Only the lines from the beginning of the entries through the one that holds "The living room" may appear in the answer, written out exactly and free of pictures.
### Exercise inputs
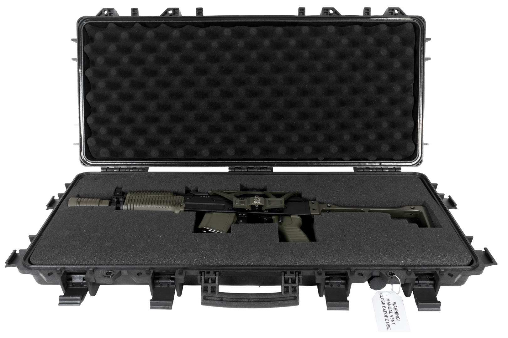 Our gun case features a manual pressure release valve designed for reliability in any environment. Unlike automatic valves, a manual system gives you full control, ensuring no unwanted air or water exchange occurs during transport or storage. This design makes it far more waterproof and secure compared to automatic valves, keeping your firearms protected even in extreme conditions. With the manual valve, you get durability and peace of mind that automatic systems simply can’t match.IP67 Water & Dust Resistant
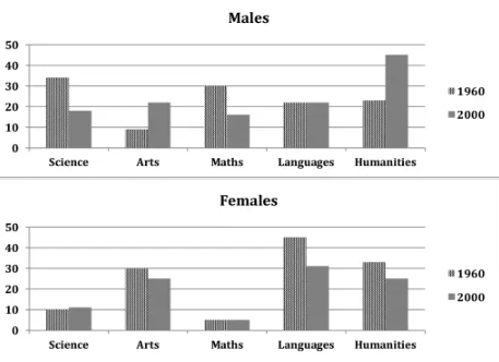 The bar charts examine the chances of male and girl college students getting pinnacle grades in 5 subjects, that are technological know-how, arts, math, languages, and arts in 1960 and 2000.
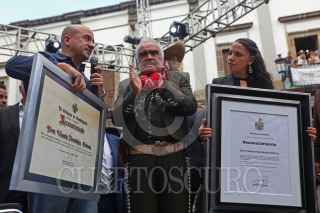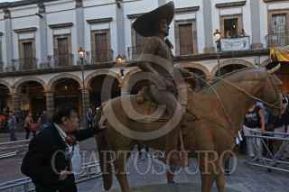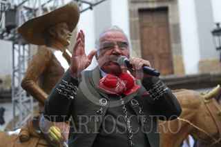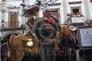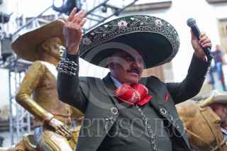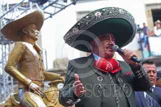 GUADALAJARA, JALISCO, 06OCTUBRE2019.- Esta tarde en la Plaza de los Mariachis y ante cientos de personas se develo una estatua ecuestre del Charro de Huentitán Vicente Fernández, posteriormente a esto ofreció un concierto ante miles de personas en la explanada del Instituto Cultural Cabañas. FOTO: FERNANDO CARRANZA GARCIA / CUARTOSCURO.COM
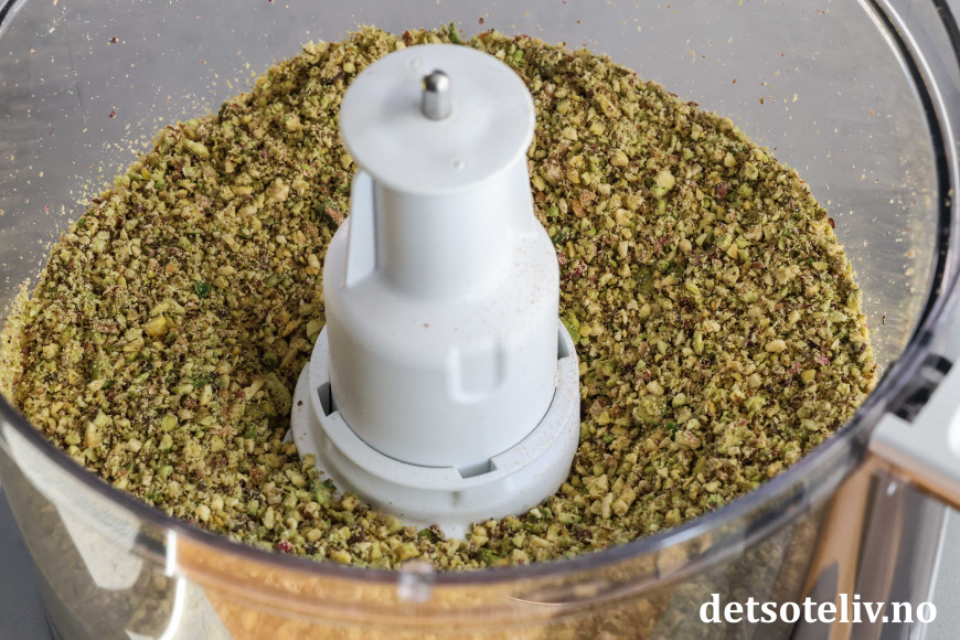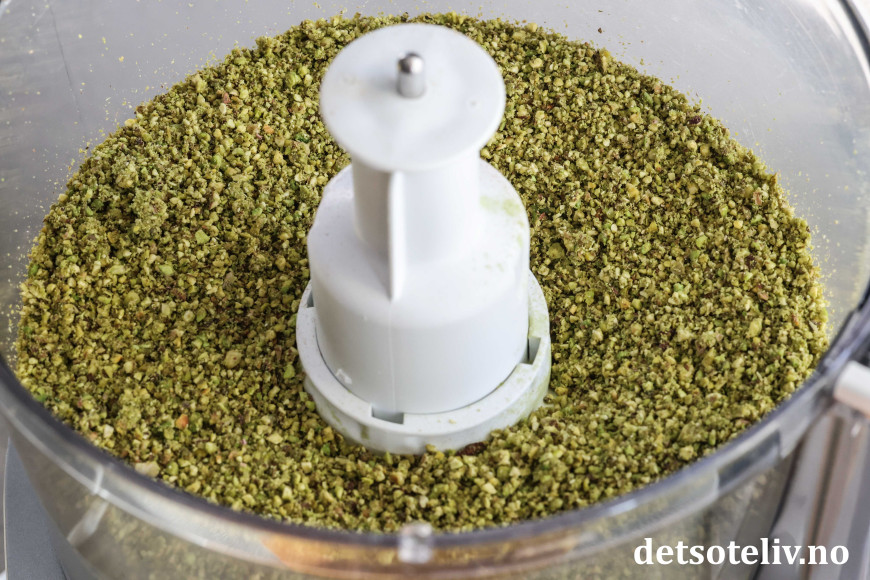 Kvern pistasjnøttene i en food processor til de blir finmalte.
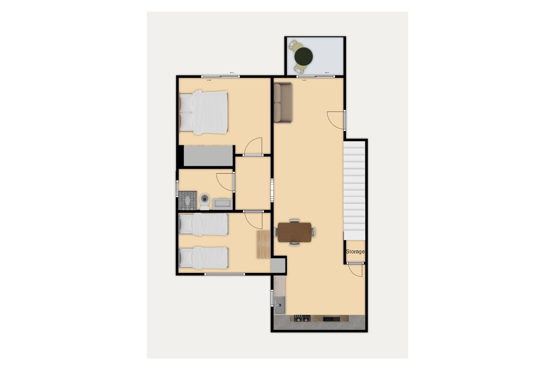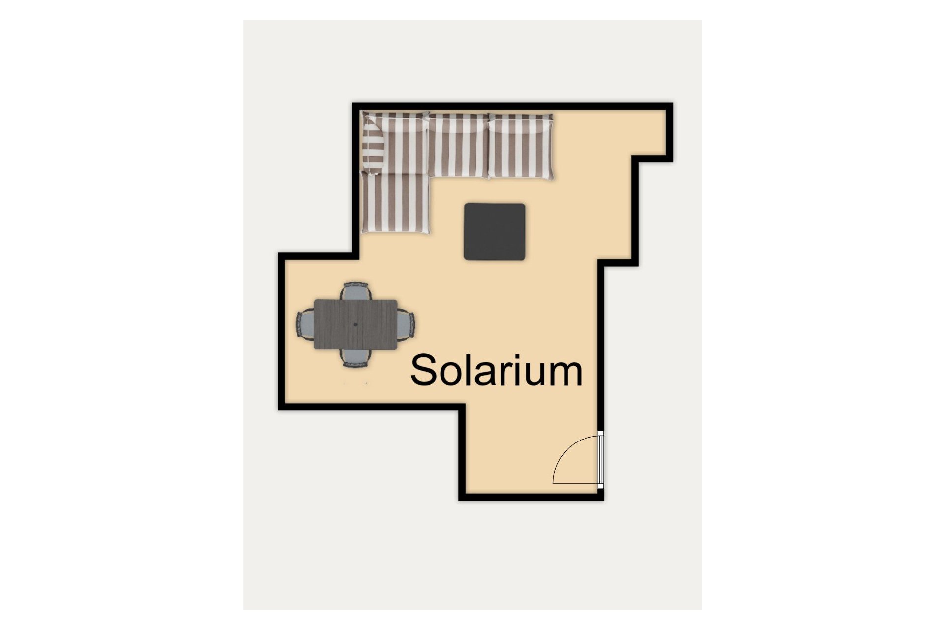The living room opens onto a cosy private balcony. From here, an internal staircase leads to a spacious private solarium with open views of the Mediterranean Sea and the communal swimming pool. The rooftop terrace is fully equipped with an awning, outdoor furniture and a BBQ area — ideal for relaxing or entertaining all year round.
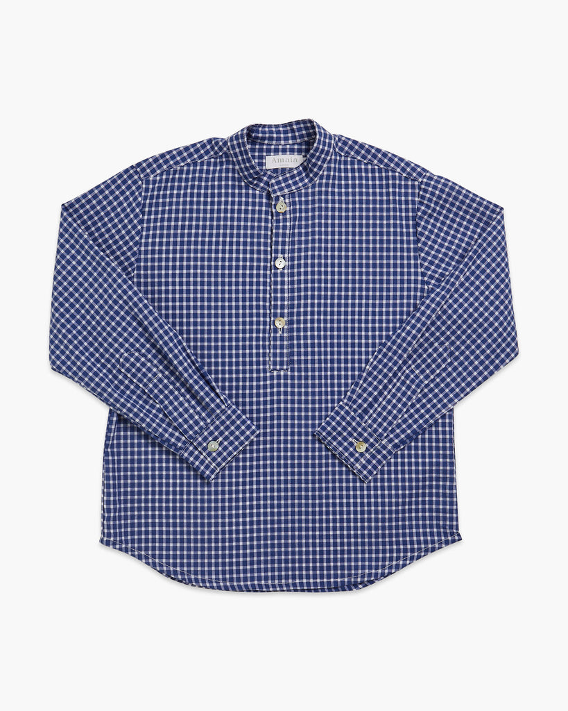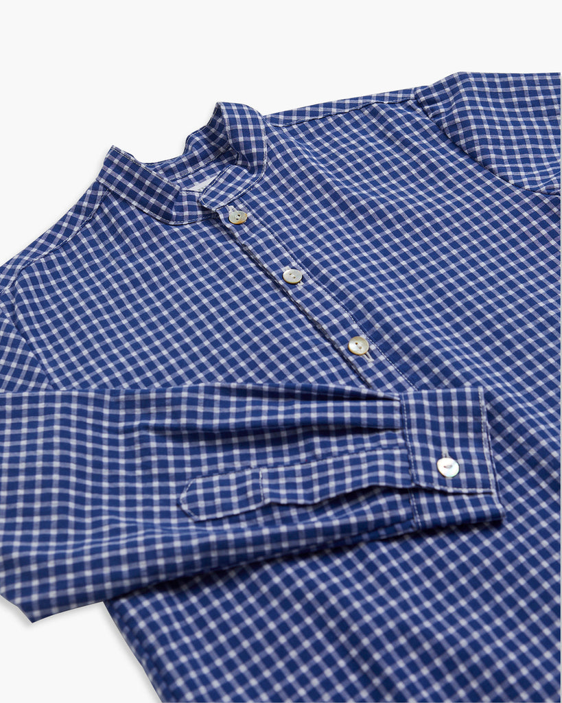 Salga con estilo con nuestra camisa Pereprin. Esta camisa clásica de manga larga con cuello mao presenta un lujoso cuadro índigo que seguramente llamará la atención. Confeccionada con un suave tejido de algodón de primera calidad y con una tapeta con botones de nácar, esta camisa es una prenda básica versátil para cualquier guardarropa. Combínalo con nuestros pantalones cortos y pantalones a juego para lograr un look encantador y elegante.
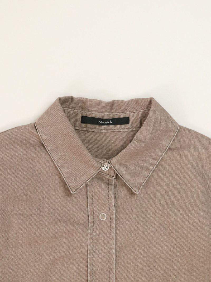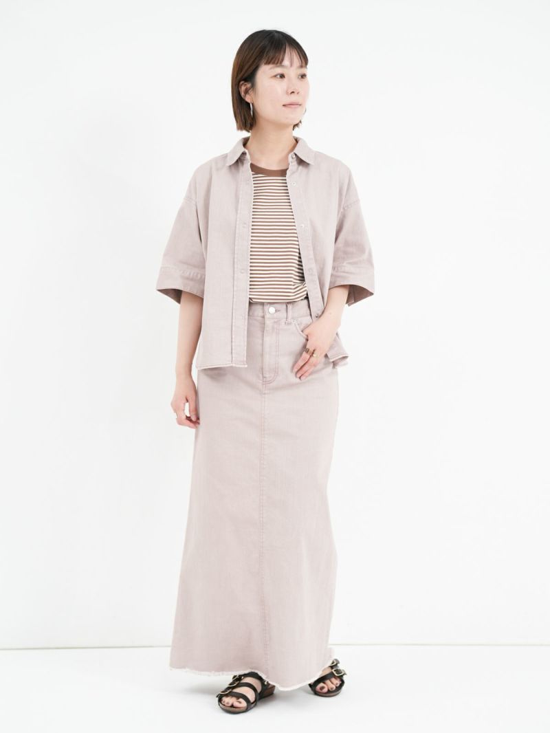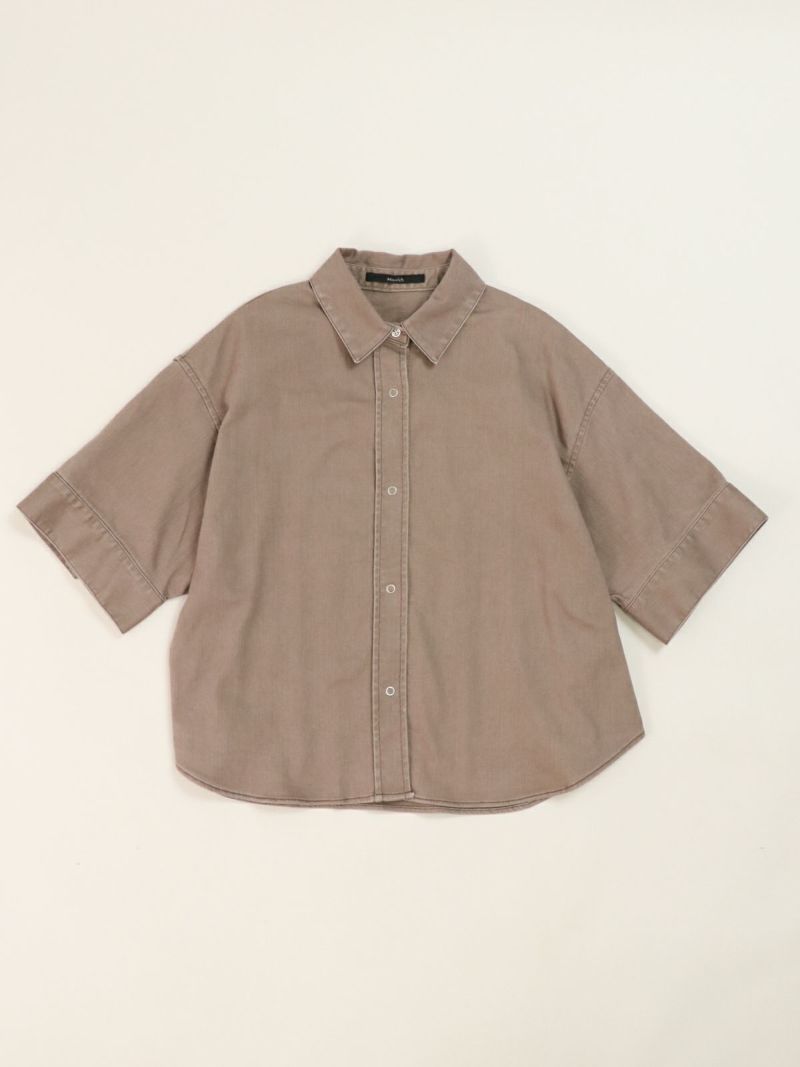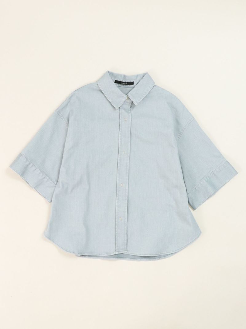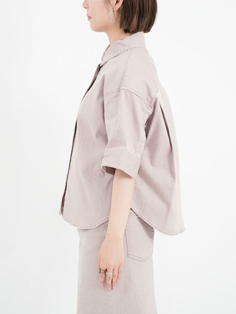 -カラーデニムシリーズ- 独特な風合いが特徴のハーフスリーブシャツ。袖のボタン開きや立体感のあるフォルムデザインがポイント。 同素材のマキシスカートと合わせてセットアップコーデもおすすめです。
######
◆ Response area ◆
 Our gun case features a manual pressure release valve designed for reliability in any environment. Unlike automatic valves, a manual system gives you full control, ensuring no unwanted air or water exchange occurs during transport or storage. This design makes it far more waterproof and secure compared to automatic valves, keeping your firearms protected even in extreme conditions. With the manual valve, you get durability and peace of mind that automatic systems simply can’t match.IP67 Water & Dust Resistant
 The bar charts examine the chances of male and girl college students getting pinnacle grades in 5 subjects, that are technological know-how, arts, math, languages, and arts in 1960 and 2000.
 GUADALAJARA, JALISCO, 06OCTUBRE2019.- Esta tarde en la Plaza de los Mariachis y ante cientos de personas se develo una estatua ecuestre del Charro de Huentitán Vicente Fernández, posteriormente a esto ofreció un concierto ante miles de personas en la explanada del Instituto Cultural Cabañas. FOTO: FERNANDO CARRANZA GARCIA / CUARTOSCURO.COM
 Kvern pistasjnøttene i en food processor til de blir finmalte.
The living room opens onto a cosy private balcony. From here, an internal staircase leads to a spacious private solarium with open views of the Mediterranean Sea and the communal swimming pool. The rooftop terrace is fully equipped with an awning, outdoor furniture and a BBQ area — ideal for relaxing or entertaining all year round.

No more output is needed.